Once "You can add" turns up in a line below, reproduce that line and those after it exactly, stopping after the line with "Москва. 4 августа."; leave pictures out.

Provided information
+--
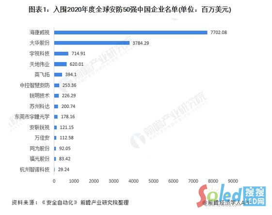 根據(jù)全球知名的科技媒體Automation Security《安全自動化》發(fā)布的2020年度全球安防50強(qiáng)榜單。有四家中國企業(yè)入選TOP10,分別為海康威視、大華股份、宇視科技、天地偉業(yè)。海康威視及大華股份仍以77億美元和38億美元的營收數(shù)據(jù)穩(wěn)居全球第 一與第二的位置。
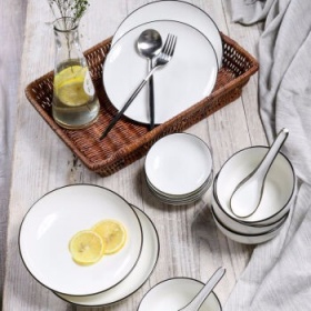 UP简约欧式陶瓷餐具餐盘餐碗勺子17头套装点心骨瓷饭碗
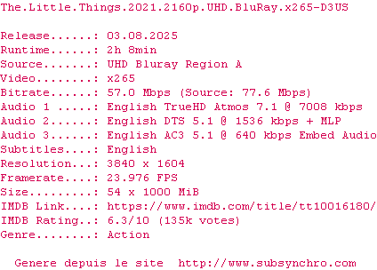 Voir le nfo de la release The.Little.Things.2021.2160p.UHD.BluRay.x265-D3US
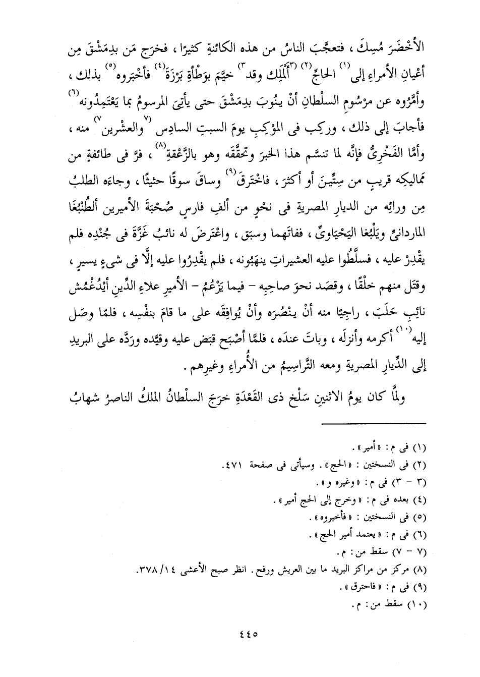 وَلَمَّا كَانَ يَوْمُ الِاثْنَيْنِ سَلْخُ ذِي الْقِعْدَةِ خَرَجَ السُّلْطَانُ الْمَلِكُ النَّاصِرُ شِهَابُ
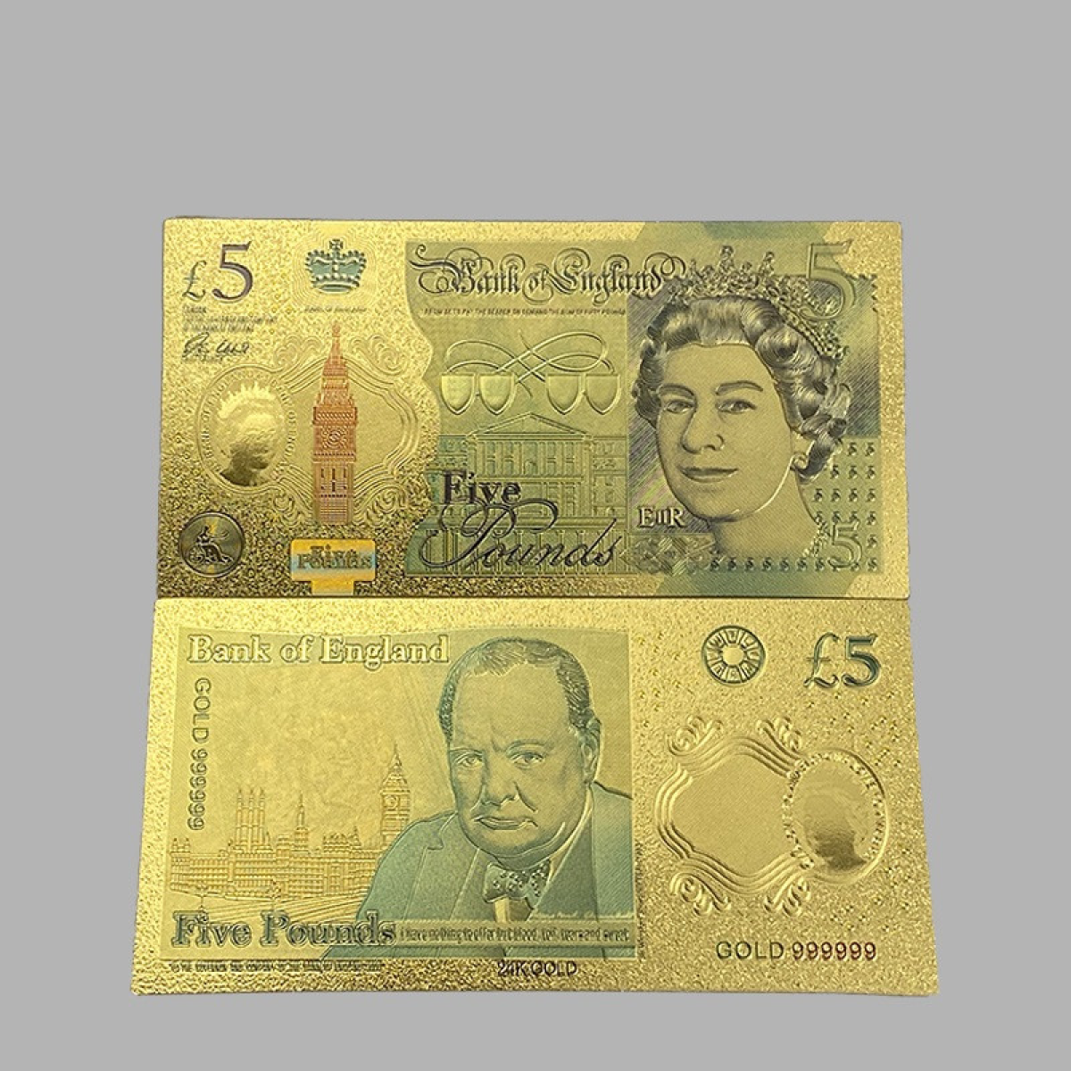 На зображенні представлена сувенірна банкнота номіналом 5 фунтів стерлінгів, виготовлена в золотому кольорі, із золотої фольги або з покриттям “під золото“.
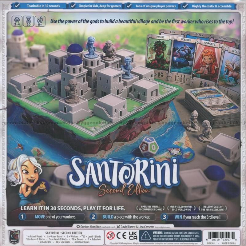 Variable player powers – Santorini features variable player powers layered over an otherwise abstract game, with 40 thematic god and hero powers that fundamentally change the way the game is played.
+--
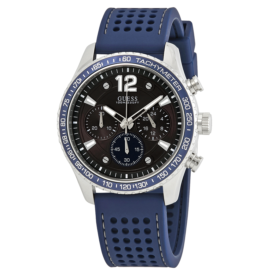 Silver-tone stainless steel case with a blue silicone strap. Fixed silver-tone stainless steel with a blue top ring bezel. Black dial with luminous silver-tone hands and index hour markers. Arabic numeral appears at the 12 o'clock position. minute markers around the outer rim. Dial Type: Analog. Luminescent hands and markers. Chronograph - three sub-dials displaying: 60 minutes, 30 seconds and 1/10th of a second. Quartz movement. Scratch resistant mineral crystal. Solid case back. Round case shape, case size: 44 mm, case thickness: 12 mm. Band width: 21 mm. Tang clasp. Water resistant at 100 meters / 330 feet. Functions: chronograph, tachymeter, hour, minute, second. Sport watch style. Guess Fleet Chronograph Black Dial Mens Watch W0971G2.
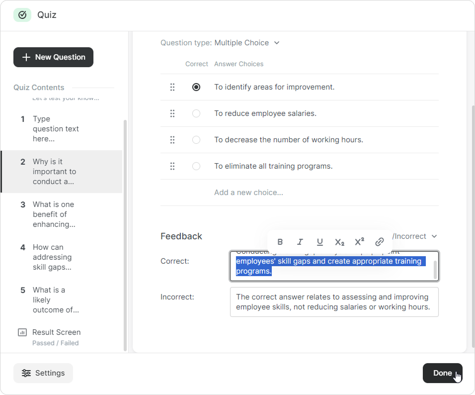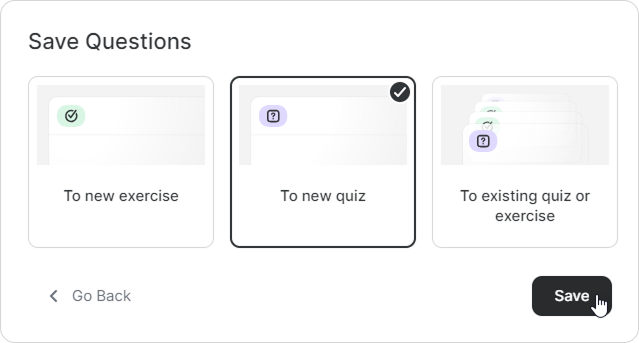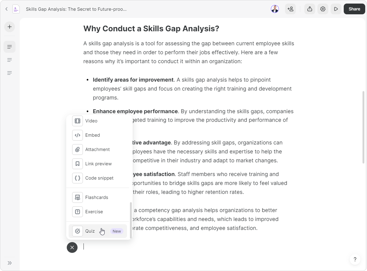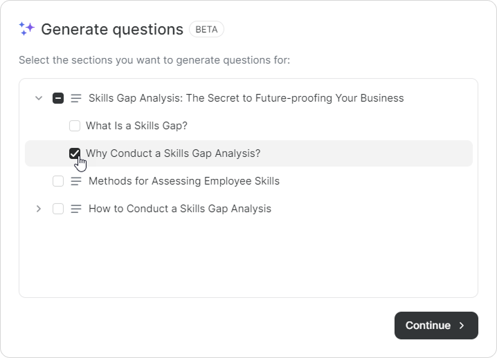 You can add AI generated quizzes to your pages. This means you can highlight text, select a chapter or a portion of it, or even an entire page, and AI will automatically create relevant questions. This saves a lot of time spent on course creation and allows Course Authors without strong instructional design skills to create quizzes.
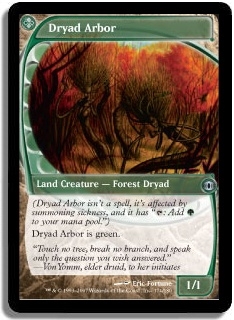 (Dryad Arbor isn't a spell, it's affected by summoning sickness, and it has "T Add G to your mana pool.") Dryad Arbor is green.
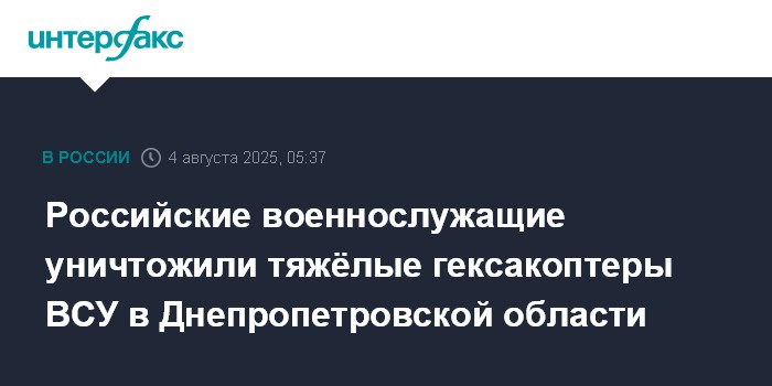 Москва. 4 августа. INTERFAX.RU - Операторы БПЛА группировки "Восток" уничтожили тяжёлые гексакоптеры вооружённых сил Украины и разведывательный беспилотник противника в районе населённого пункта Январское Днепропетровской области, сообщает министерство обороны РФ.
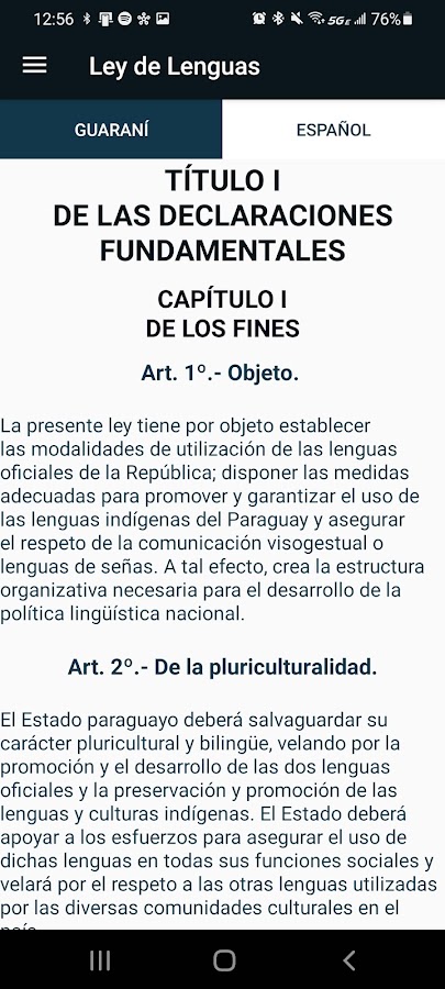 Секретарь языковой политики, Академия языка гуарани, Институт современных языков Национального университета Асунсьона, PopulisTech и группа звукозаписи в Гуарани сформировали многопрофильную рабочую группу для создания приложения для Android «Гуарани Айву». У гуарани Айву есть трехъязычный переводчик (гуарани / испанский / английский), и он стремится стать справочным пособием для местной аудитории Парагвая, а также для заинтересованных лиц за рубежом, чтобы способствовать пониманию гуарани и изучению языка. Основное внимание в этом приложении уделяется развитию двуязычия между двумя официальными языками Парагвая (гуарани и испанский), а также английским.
+--
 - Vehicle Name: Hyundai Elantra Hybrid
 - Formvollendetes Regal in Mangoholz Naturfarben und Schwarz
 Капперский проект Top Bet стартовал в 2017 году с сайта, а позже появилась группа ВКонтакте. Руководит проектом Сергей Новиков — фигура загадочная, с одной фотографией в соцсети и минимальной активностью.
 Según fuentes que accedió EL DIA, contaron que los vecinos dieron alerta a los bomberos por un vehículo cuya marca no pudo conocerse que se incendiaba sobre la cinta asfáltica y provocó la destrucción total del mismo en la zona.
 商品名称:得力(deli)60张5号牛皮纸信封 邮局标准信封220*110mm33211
+--
Response area
 You can add AI generated quizzes to your pages. This means you can highlight text, select a chapter or a portion of it, or even an entire page, and AI will automatically create relevant questions. This saves a lot of time spent on course creation and allows Course Authors without strong instructional design skills to create quizzes.
 (Dryad Arbor isn't a spell, it's affected by summoning sickness, and it has "T Add G to your mana pool.") Dryad Arbor is green.
 Москва. 4 августа. INTERFAX.RU - Операторы БПЛА группировки "Восток" уничтожили тяжёлые гексакоптеры вооружённых сил Украины и разведывательный беспилотник противника в районе населённого пункта Январское Днепропетровской области, сообщает министерство обороны РФ.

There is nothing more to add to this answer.